* **What to do**:
Below are records. Find each line in them that holds the word "species" and copy it.

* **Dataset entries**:
--*--

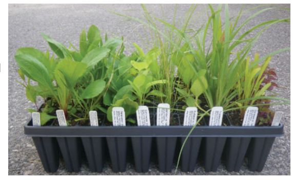
A Photo: Pollinator Kit

Thanks to our partnership with Cardno Native Plant Nursery to provide a selection of native plant kits, bare root shrubs and trees, and seed packets. Each plant kit contains 50 native plants that will be delivered to your door. Every purchase supports IWF and Indiana's wildlife.
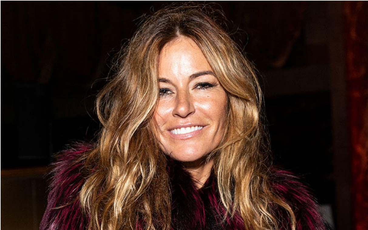
Kelly Killoren Bensimon.
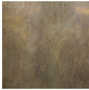
Image showing Aged Brass for Screen Frame & Linear Wall Picture Lights
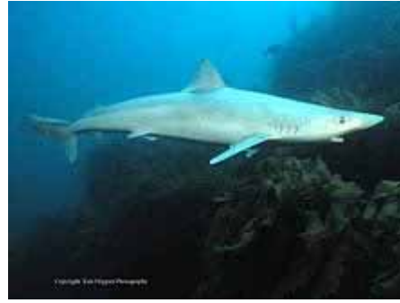
School shark-a species targeted by the Australian Southern Shark Fishery

The size of the holes in the nets depends on the species being fished. The nets are usually several hundred metres in length. They are left in the water for 2–6 hours and are then hauled in.
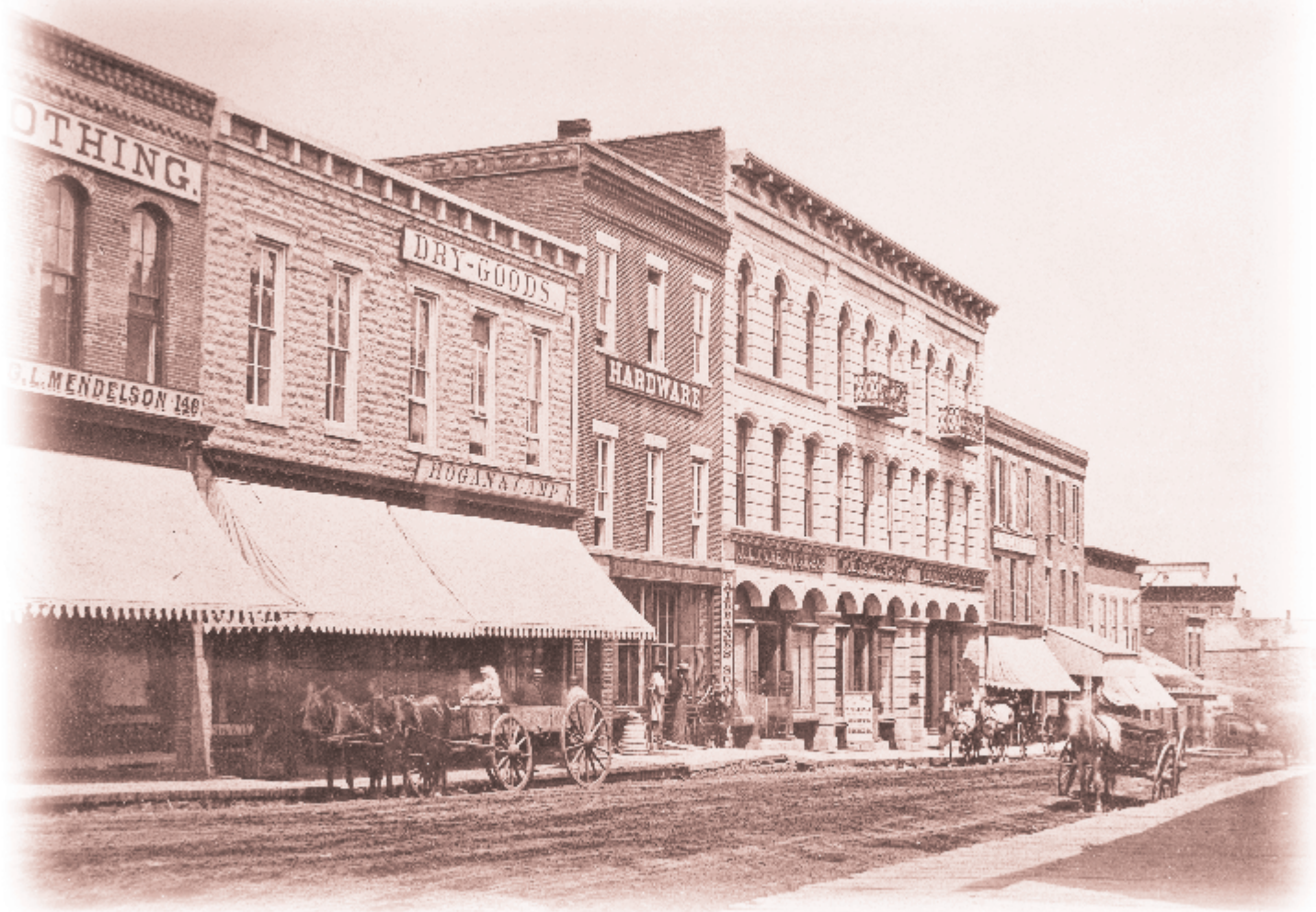
St. Paul in 1862, growing but still rough around the edges. Board sidewalks line unpaved Third Street between Minnesota and Robert.

period. In his personal life, Hill decided to settle down, marrying 21-year-old Mary Theresa Mehegan in 1867. 4
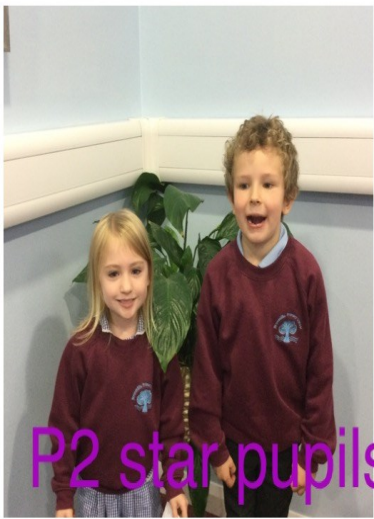
P2 star pupils
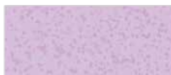
238-MLP 3 3/4 yds (includes backing)
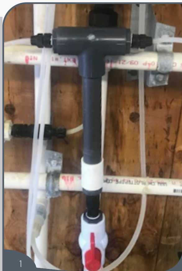
1 An in-line chamber provides improved reaction time for chlorine dioxide.
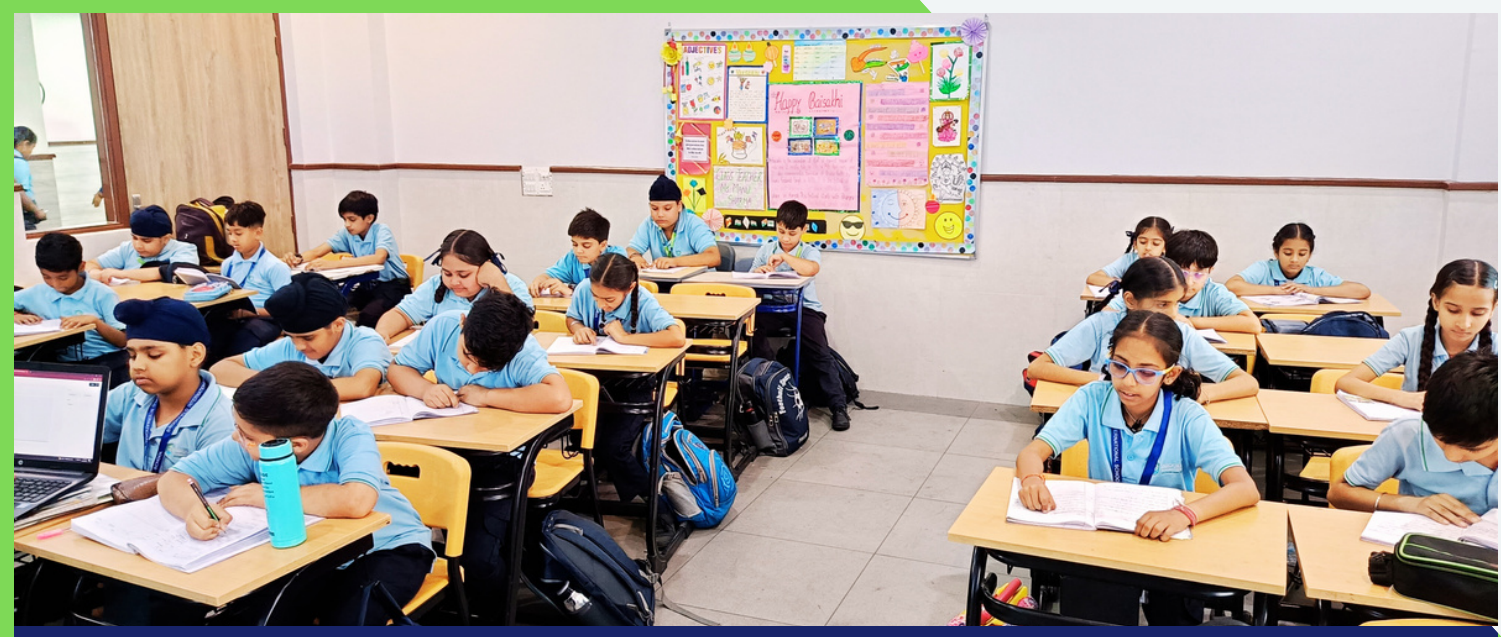
"The art of calligraphy lies not only in the elegance of the strokes but also in the beauty of self-expression."
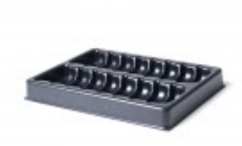
HERB TRAY DOUBLE WITH LIP BLACK 10"X12"X1.5"
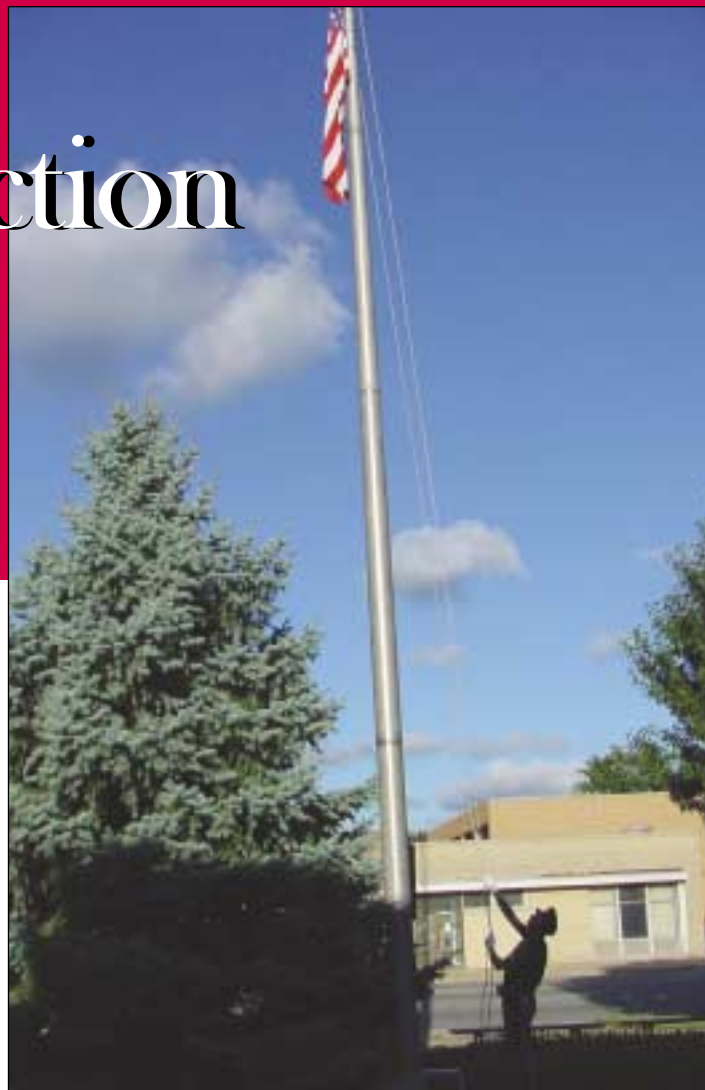
Sergeant Sanko lowers the flag.

The IU Northwest campus community gathered on the first anniversary of the September 11th attack to honor the victims and their families through a moment of silence. Many faculty members opened their classrooms to the community to discuss topics relating to the tragedy.
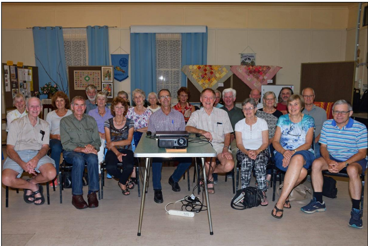
The Whole Crew at the Meeting
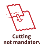
Cutting not mandatory

Overlaps can be exceeded if necessary to avoid cut outs. You can play on the width of the overlaps to avoid cutting .
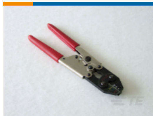
TE Part #992008-000 AD-1377-CRIMP-TOOL-3-CVTY
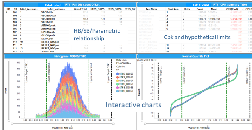
Figure 1: Link Hard Bin to Soft Bin to Parametric Test Data. Calculate CPK with actual and hypothetical limits. Interactive charts.

Quickly and seamlessly visualize all your data
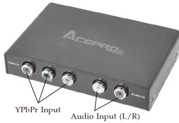
Figure 1: Front view
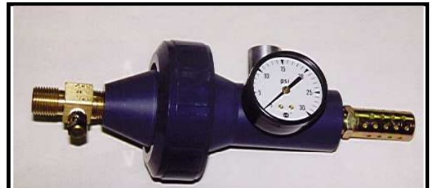
PVC Filter Holder Assembly

--*--

* **Solution to the exercise**:
School shark-a species targeted by the Australian Southern Shark Fishery
The size of the holes in the nets depends on the species being fished. The nets are usually several hundred metres in length. They are left in the water for 2–6 hours and are then hauled in.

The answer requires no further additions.